SmithFamilyLoft said:


> This is an attempt to move part of a discussion from How Fast Does a Homing Pigeon Fly.





Pigeonpal2002 said:


> I just realized, that I sort of "set myself up" for you to defend your position and I've basically said what you are trying to say in your "not so nice way". It almost does seem like it's all come full circle though. However, I stand firm on my beliefs that no matter what breeders say, their "facts" can't hold a candle next to "God" or evolution or whatever any of you believe in. I believe in evolution and the thousands/millions of years these gradual and small changes required in all of the animal kingdom.
> 
> The changes, improvements & ideas that are being suggested here are much too speculative and with many variables.
> 
> Still though, I don't believe it would take long to set up such an "experiment".... breed a feral flock of pigeons and who could achieve & maintain the speeds we are talking about. Colours, eyes, feathering, are all secondary genetics and relatively easy to manipulate. The fundamentals and core genetics are much more difficult to change and improve upon in a short span. 150 years, 200, 500 or even a 1000 years are small potatoes in terms that columbidaes have been in existence. :


Second part of moved posts.


----------



## SmithFamilyLoft (Nov 22, 2004)

Hello Brad,

I have attempted to move this part of the discussion to a new thread. 

If I understand the premise of your theory, then the role of selective breeding by man with all kinds of birds and animals over the last couple of hundred years, has had very minimal impact ?  Is that what you are saying ?

You were using the example of a wild colony of pigeons vs. those bred for a very specific task, but I assume you would apply this to various animals, such as chickens, cows, horses, dogs, etc. 

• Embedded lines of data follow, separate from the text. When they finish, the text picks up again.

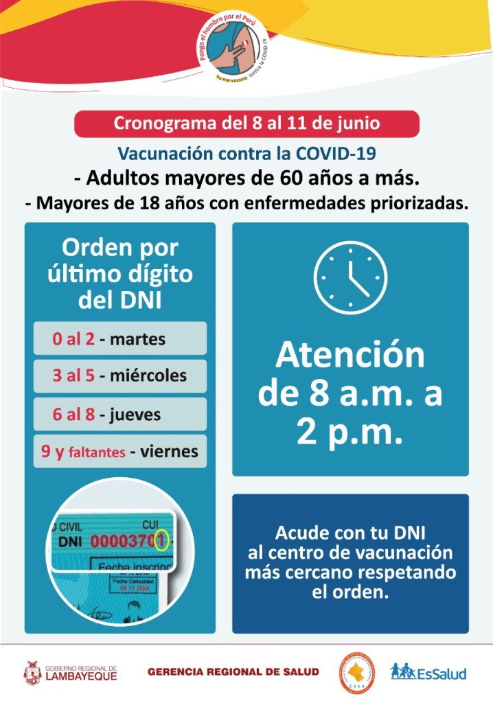 Desde este martes 8 al 11 de junio se desarrolla una nueva jornada de vacunación contra la COVID-19, recordó la Gerencia regional de Salud de Lambayeque. Se pidió respetar el orden para una vacunación segura.
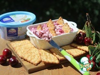 Описание: У нас пора черешни и я хочу угостить вас чудесным дипом - сливочным, с ароматом черешни, чуть солоноватым, но вместе с тем, и медовым вкусом, дип идеален с сырными крекерами и белым вином, отлично подать с обжареным тостом или багетом, нравится детям. Пробуем?
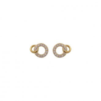 Ασημένια επίχρυσα σκουλαρίκια με μοτίφ καρδιάς με λευκές πέτρες ζιργκόν
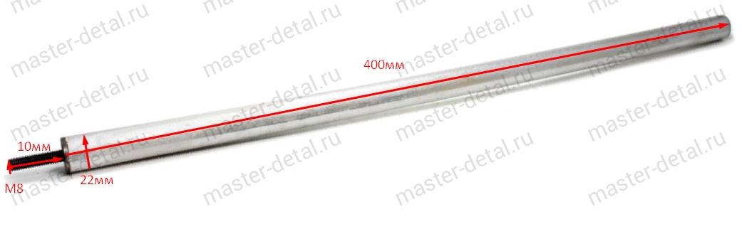 Размеры анода: Длина части из магниевого сплава - 400мм; Диаметр части из магниевого сплава - 22мм; Длина шпильки с резьбой - 10мм, Крепление - резьба М8. |

In my area, milk cows are very important to the farm community. They use a very selective breeding program in order to produce cows which give more milk. They do not use wild or feral cows. And local racing pigeon fanciers use a selective breeding program to produce homing pigeons which travel long distances to find home quickly. Are you saying these ideas are all wrong ?


----------



## Pigeonpal2002 (Jul 27, 2002)

SmithFamilyLoft said:


> Hello Brad,
> 
> I have attempted to move this part of the discussion to a new thread.
> 
> ...


This is exactly what I'm saying and suggesting. Physical characteristics such as large udders and milk glands in cows are easily manipulated and similarly the colours, sizes, feathers, fur and other physical aspects of any or most animals is easily manipulated. 

It's the other genes, the "deeper" ones (if you will) that govern the senses, instincts and limits of what an animal is capable of that are not so easy to improve upon. Only through better food, water, exercise and maybe drugs can we manipulate and "improve" animals from what nature has already bestowed upon them.

It's like saying that humans are faster now than we were 50 years ago. Can you prove this? We have instruments, technology, DRUGS and food that weren't available 50 years ago and some of those things have 'enabled' us to be somewhat faster and better. But the changes in the speeds of us humans doing various tasks is minimal and negligible.

Also, similarly the speeds of race horses haven't really improved by any stretch over the last 40-50 years. It's just that they are now cared for better, given better food options, vitamins, and the technology to record their speeds has become more exact.


----------



## learning (May 19, 2006)

Pigeonpal2002 said:


> This is exactly what I'm saying and suggesting. Physical characteristics such as large udders and milk glands in cows are easily manipulated and similarly the colours, sizes, feathers, fur and other physical aspects of any or most animals is easily manipulated.
> 
> It's the other genes, the "deeper" ones (if you will) that govern the senses, instincts and limits of what an animal is capable of that are not so easy to improve upon. Only through better food, water, exercise and maybe drugs can we manipulate and "improve" animals from what nature has already bestowed upon them.
> 
> ...


The problem with this train of thought is that it really doesn't apply to humans because society takes a very dim view of truely selective breeding in the human animal (Adolph Hitler, case in point). It is very much a random selection process in who we choose to reproduce with, not based on any attempts to focus on any one particular trait. This is why the physical gains that have been made by humans can almost exclusively attributed to training, nutrition, health, etc. and not to any significant genetic impact. 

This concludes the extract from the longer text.